Parashat Bamidbar 5773, 2013:
Each Person is Truly a World
Rabbi David Etengoff
Dedicated to the sacred memories of my mother, Miriam Tovah bat Aharon Hakohen, father-in-law, Levi ben Yitzhak, sister-in-law, Ruchama Rivka Sondra, sister, Shulamit bat Menachem, Shifra bat Chaim Alter, and Yehonatan Binyamin ben Mordechai Meir Halevi, and the refuah shlaimah of Yosef Shmuel ben Miriam.
Chazal (our Sages) named the fourth book of the Torah “Sefer Hapekudim” (the “Book of Counting”), which is translated in English as “Numbers.” It received this title since both the sefer and our parasha begin with a census of our people. Rashi (1040-1105) points out that this is actually the third time that our forebears were counted. The first tally took place when we departed Egypt, and the second, after we flagrantly erred with the incident of the Egel Hazahav (Golden Calf). These were very logical censuses. After all, it was crucial, for a variety of reasons, to know exactly how many men were available to be mustered for war. Thus, we were counted when we left Egypt. So, too, it was very reasonable for us to be counted following our great chet (sin), since it was once again critical to know how many had survived its aftermath. At first blush, however, the census at the beginning of our parasha appears to be without rhyme or reason. The truth, however, is far different. This act of counting served a higher and nobler purpose. It was neither an act of utilitarian counting, nor was it even very practical. Instead, this census was an act of true love; namely, the love that exists between Hashem and our people, which is so beautifully and powerfully portrayed in Shir Hashirim (the Song of Songs). Based upon this approach, Rashi answers the “why” question regarding this particular act of counting and teaches us: “Because of their beloved status before Him, He counted them at all times.” I would submit, moreover, that Hashem counted us because each one of us is truly precious in His Divine eyes.

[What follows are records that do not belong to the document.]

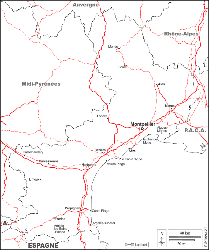 d-maps > यूरोप > फ़्रान्स > लांगडॉक-रूसीलॉन > सीमाओं, मुख्य शहरों, सड़कों, नाम, सफेद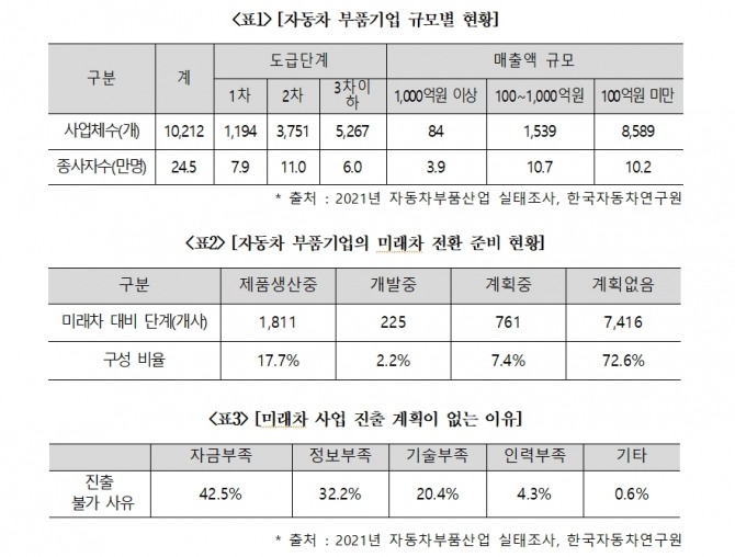실제 국내 자동차 부품사는 미래차로의 전환에 빠르게 대응하지 못하고 있다. 이날 한국자동차연구원 자료에 따르면 2020년 기준 국내 자동차 부품사 총 1만212개 중 7416개사(73%)는 자금·기술·정보 부족 등의 사유로 미래차 전환 계획을 전혀 수립하지 못하고 있다.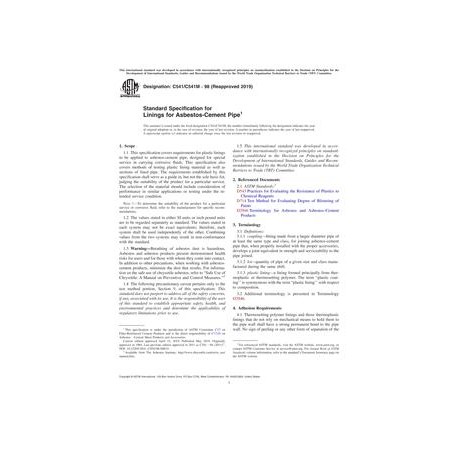 ASTM C541/C541M-98(2019) Standard Specification for Linings for Asbestos-Cement Pipe
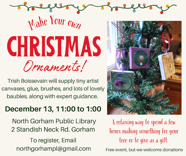 We are going to have some creative fun in the library on Saturday, December 13 from 11:00 a.m. to 1:00 p.m. We’ll be making Christmas ornaments out of miniature artist canvases. We’ll have baubles available for decorating, along with guidance from “crafter extraordinaire” Trish Boissevain.

Each individual among the Jewish people is a jewel in our King’s crown. Like an earthly king, so to speak, He counts His priceless jewels.
So, too, Chazal focused upon the irreplaceable value of each and every individual among the Jewish people. The last mishnah in the fourth chapter of tractate Sanhedrin deals with the technical topic of how to guarantee the veracity of would-be witnesses. In this context, we are taught one of the most fundamental concepts of Judaism, namely, the sanctity of the individual:
Therefore, man was created alone to teach you that anyone who destroys even one soul (individual) from the Jewish people is considered by the Torah as if he has destroyed an entire world. [So, too,] anyone who saves even one soul (individual) from the Jewish people is considered by the Torah as if he has saved an entire world.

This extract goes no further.